Copy number of control plasmids and pSC101 RepA mutants as determined by qPCR. Error bars represent 95% CI (n = 3).

We observed, as have other groups10, that the nature of the substitution within RepA can dramatically affect the resulting copy number. Two mutations at N99, N99D and N99K, resulted in markedly different copy numbers (~35 and ~69 copies/cell). Similarly, previous work has shown that mutations E93K and E93R raise the copy number to ~30 and ~240 copies/cell, respectively, while a E93G mutation resulted in a copy number of ~84 copies/cell10. However, in some cases multiple mutations at the same residue yielded similar copy numbers, such as mutations R46Q and R46W, which both resulted in pSC101 variants with ~45 copies/cell. From these results, it appears that a wide range of copy numbers can be obtained from a variety of repA mutations. However, whether or not these origin variants result in useful protein expression remained to be determined.

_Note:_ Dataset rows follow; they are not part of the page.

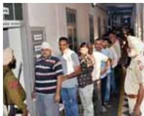
People wait in a queue to cast their votes during the first phase of Gujarat Assembly elections, in Rajkot on Thursday

Bhavnagar in Saurashtra region recorded the lowest turnout of 51.34 per cent.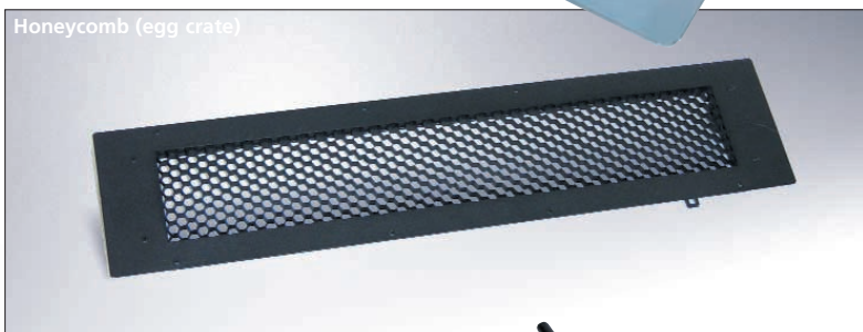
Honeycomb (egg crate)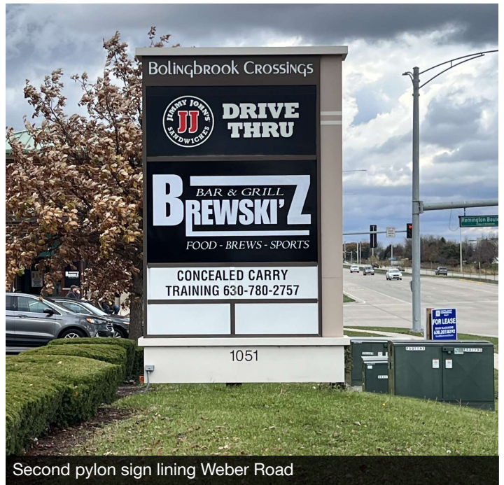
Second pylon sign lining Weber Road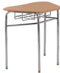
Series 60 w/book basket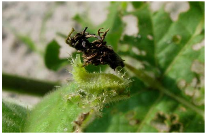
Figure 4. Larva of Gratiana boliviana ; note frass and cast skin.

The larvae are pale green and spiny. Later instars can be recognized by the presence of cast skins and frass that they carry as camouflage on their backs.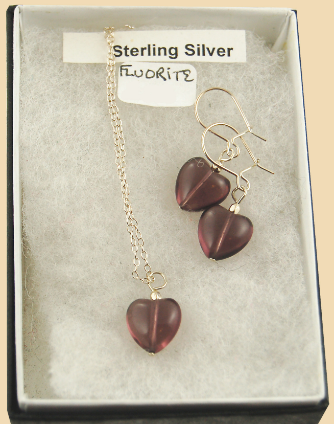
SSET 3 Aubergine Fluorite hearts and Sterling Silver, pendant and earrings £40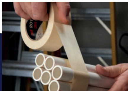
Quickly bundle parts.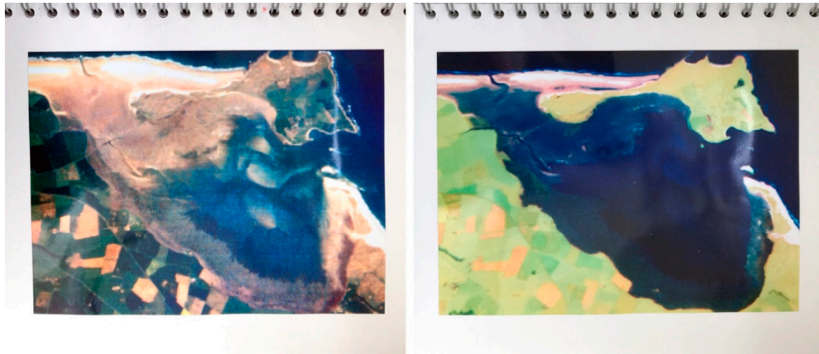
Figure 2. Holy Sands notebook: satellite images (photographs). (Left) to (right): Low-tide and high-tide. Photographs created by author of Landsat TM satellite data.

conceptual distance from the subject amplify the sense of the uncanny. As they shift our perspective from the embodied experience of moving towards the horizon to the vertiginous floating above which forces the eye to roam across vast stretches of embedded information etched into the surface of these virtual spaces (Steyerl and Berardi 2012). I was originally drawn to the satellite images of Holy Sands captured at low and high tide (Figure 2), as they as graphically prefigure the effects of climate change and consequently operate as symbols of sea-level rise.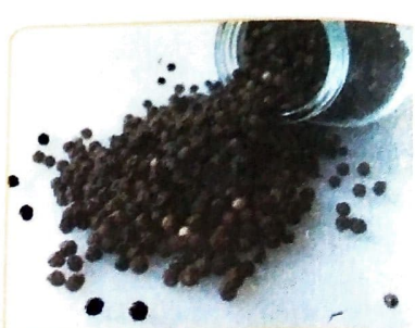
3. Black pepper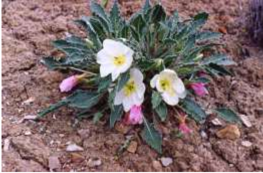
Oenothera caespitosa Evening Primrose

This is fantastic low growing perennial the rosettes have silver woolly leaves and white flowers. It blooms all summer.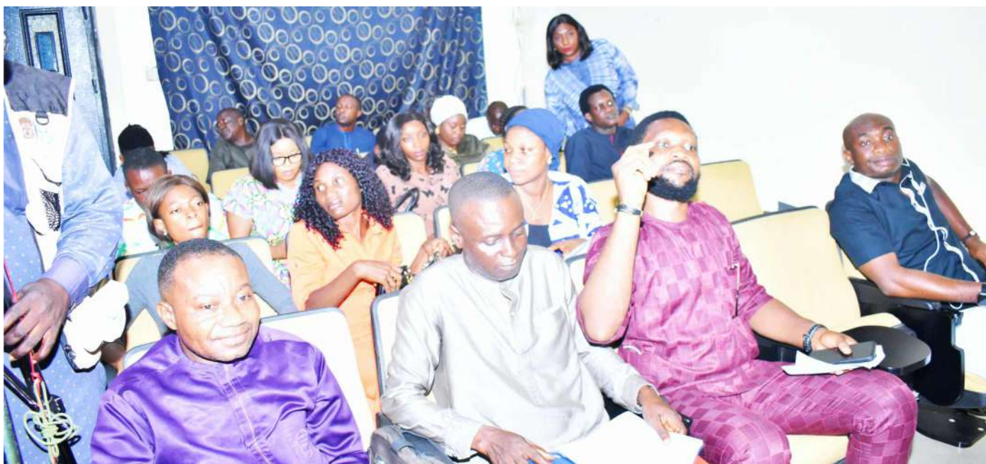
A cross section of other ECAN members at the Congress held in Abuja

curricula came into effect in September 2023, beginning from the 2023/2024 academic session.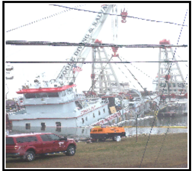
The Stephen L. Colby Sinking Near The LeClaire Levee

We wish both of these youth organizations the best of luck in these upcoming events.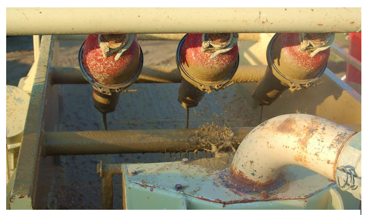
Shakers separating drilling muds and cuttings.

For example, a load of drilling sludge from southwestern Pennsylvania that was rejected by landfills in that state and in West Virginia was finally accepted by a specialized facility in Michigan, which needed to downblend it to get from the sludge's level of 570pCi/g of Ra-226 to the disposal facility's standard of under 50pCi/g.<sup>164</sup> In 2014, a company in Ohio applied for a permit to operate a disposal facility to store and process brine, drilling muds, drill cuttings, and tank bottom sediment, stating that operations would "involve 'blending' of waste material that exceeds the regulatory limit of 6.99 pCi/g Ra-226/228."<sup>165</sup>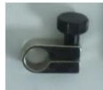
Xtender Clamp w/ Screw Part Number: 05-100-263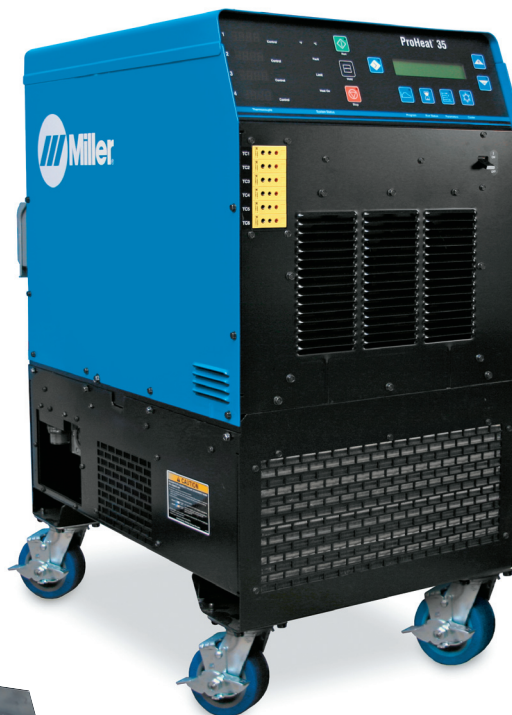
ProHeat 35 power source (907690) shown with heavy-duty induction cooler (301298) and optional running gear (195436).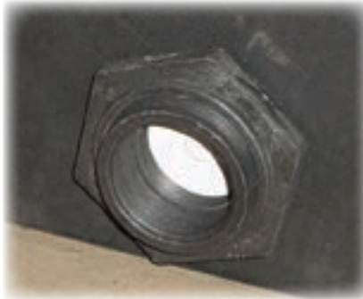
Photo shows bulkhead fitting and plug installed in the end of the spillway.

Once you have sculpted the reservoir, stream and waterfall area carefully check for any rocks, roots or sharp objects in the soil. After ensuring the area is free from objects you can install the underlayment thru the reservoir and stream area. After installing the underlayment you can install the liner as well. Do not be concerned with a few wrinkles in the liner since the whole area will be filled in with rock and covered. Be sure to pull any extra liner towards the waterfall area.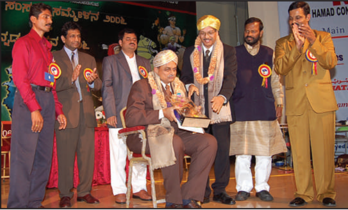
Our beloved MD receiving GLOBAL MAN AWARD from Bahrain Kannada Koota.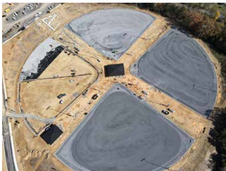
Riverbend Park (Dalton, GA) is a brand-new four-field (turf) complex set to open in April 2022. Riverbend will host the 2022 Southern Championships, Aug. 12 - 14, 2022.

SOUTHWEST CHAMPIONSHIPS - TOC April 19 - April 24, 2022 / Las Vegas, NV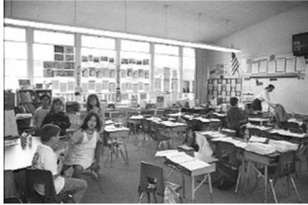
Figure 2—Classroom with window Code 5.

ety of skylight and monitor designs employed. Some designs allowed direct sun into the classrooms while others were diffusing. Some were designed to provide uniform illumination throughout the classroom; others created strong illumination gradients.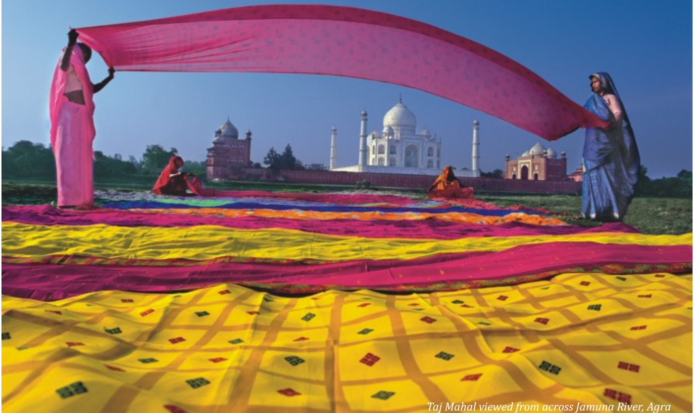
Taj Mahal viewed from across Jamuna River, Agra

A wonderful introduction to India, this tour aims to incorporate the different facets of the country, from the political grandeur of Delhi to the artistic perfection of the Taj Mahal and finally to the regal palaces and fortresses of the Rajput Maharajas. Taken together, the tour offers visitors a fascinating insight into the mysteries of India.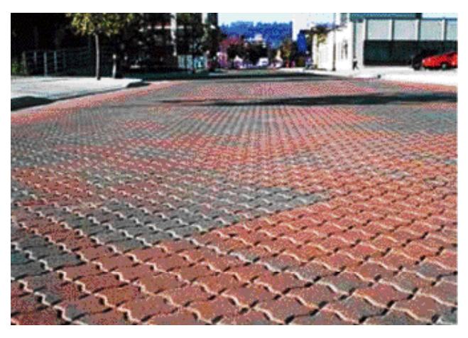
Grand Award (Building Product) — Recycling and Reuse of Marine Mud for Building Materials

For more information, please visit www.gba.hk

Copy number in pSC101 repA mutants does not correlate with expression of RFP

Though previous work has characterized the copy number of pSC101-derived mutants, the effect these mutations have on heterologous protein expression has not been similarly tested10. To better understand this connection, we performed a series of fluorescence protein expression assays to gauge whether copy number was correlated with increased RFP production from our vectors. To achieve this, we transformed our mutant and wild-type plasmids into E. coli DP10, which has the arabinose transporter, encoded by araFGH, under control of a constitutive promoter15 to allow for inducible expression from the araBAD promoter, and evaluated expression of RFP at increasing concentrations of arabinose (Fig. 5). As expected, all mutants had higher levels of RFP expression than wild-type pSC101 at all concentrations of arabinose tested. However, there was no overall correlation between copy number and RFP expression at any concentration of arabinose (Supplementary Figure 4). In fact, the highest expression of RFP achieved was from the N99D mutant, which has a copy number of ~35 copies/cell, similar to that of the ColE1 origin. Of the mutants with copy numbers below 35 copies/cell, mutant E83K (copy number of ~31 copies/cell) showed slightly higher expression than the wild-type p15a origin, which had a copy number of ~20 copies/cell. These two mutated origins, N99D and E83K, may prove useful in future metabolic engineering efforts.

Figure 5
figure 5

Production of RFP as a function of plasmid copy number and inducer concentration. Expression of RFP as measured by fluorescence normalized to OD600 following induction from the araBAD promoter with increasing concentrations of arabinose induction. Error bars represent 95% CI (n = 3). Plasmids are ordered by increasing copy number.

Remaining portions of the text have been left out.